Le film commence hardiment, au milieu d’un braquage violent dans une bijouterie à Téhéran : le voleur malmène, réprimande et menace le bijoutier et un autre employé ; puis une alarme se déclenche, un coup de feu est tiré et une foule hurlante se rassemble devant la porte verrouillée du magasin alors que le voleur se déchaîne de manière destructrice à l’intérieur. La scène dure près de quatre minutes et Panahi la filme en une seule prise, avec la caméra placée au fond du magasin, face à la porte et donnant sur la rue. Une grande partie du vol n’est entendue que sur la bande originale et n’est vue que par fragments, lorsque les personnages traversent le cadre, gardant l’attention du spectateur également sur ce qui se passe à l’extérieur, dans la rue. La foule voit le vol mais ne se voit pas ; le spectateur, en revanche, voit les deux dans le même regard, car Panahi relie symboliquement les événements dans le magasin à ceux du monde plus large – relie inextricablement le crime à la société iranienne dans son ensemble.

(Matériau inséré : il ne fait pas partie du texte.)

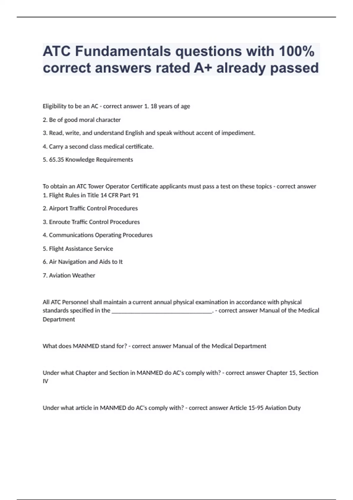 ATC Fundamentals questions with 100% correct answers rated A+ already passed Eligibility to be an AC - correct answer 1. 18 years of age 2. Be of good moral character 3. Read, write, and understand English and speak without accent of impediment. 4. Carry a second class medical certificate. 5. 65.35 Knowledge Requirements To obtain an ATC Tower Operator Certificate applicants must pass a test on these topics - correct answer 1. Flight Rules in Title 14 CFR Part 91 2. Airport Traffic Control Procedures 3. Enroute Traffic Control Procedures 4. Communications Operating Procedures 5. Flight Assistance Service 6. Air Navigation and Aids to It 7. Aviation Weather All ATC Personnel shall maintain a current annual physical examination in accordance with physical standards specified in the _______________________________. - correct answer Manual of the Medical Department What does MANMED stand for? - correct answer Manual of the Medical Department Under what Chapter and Section in MANMED do AC's comply with? - correct answer Chapter 15, Section IV Under what article in MANMED do AC's comply with? - correct answer Article 15-95 Aviation Duty
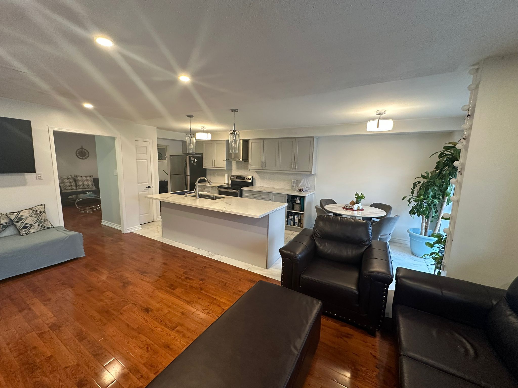 • Modern kitchen with stainless steel appliances and sleek quartz countertops.

Cette connexion est ce que le reste de « Crimson Gold » continue de développer : il est composé presque entièrement de flashbacks du voleur et d’autres personnes de son entourage dans les jours qui ont précédé le crime. Celles-ci commencent par une double dose de thèmes dostoïevskiens : une coïncidence impie et une philosophie cynique. Le voleur est un livreur de pizzas nommé Hussein Emadeddin (joué par un vrai livreur de pizzas nommé Hussein Emadeddin), dont le partenaire dans la petite délinquance, Ali (Kamyar Sheisi), traverse la ville sur sa moto et, rejoignant Hussein, dans un café crasseux, dévoile du butin : un sac à main de femme qu’il prétend avoir trouvé. Il contient une alliance et un reçu de bijouterie pour un collier, fabriqué en Italie, qui coûte, comme le dit Ali, avec incertitude, « soixante-quinze et un, deux, trois . . . six zéros ! Un escroc plus âgé intervient, explique qu’il s’agit de soixante-quinze millions (Ali se demande : « Combien de mois de travail cela fait-il ? »), et s’assoit avec eux pour déclamer sa philosophie du crime comme une question essentielle d’« honnêteté », leur enseignant distinguer entre les femmes pauvres, dont il est indécent, c’est-à-dire qui ne vaut pas la peine de voler, et celles dont les sacs sont un gibier à la fois juste et rentable.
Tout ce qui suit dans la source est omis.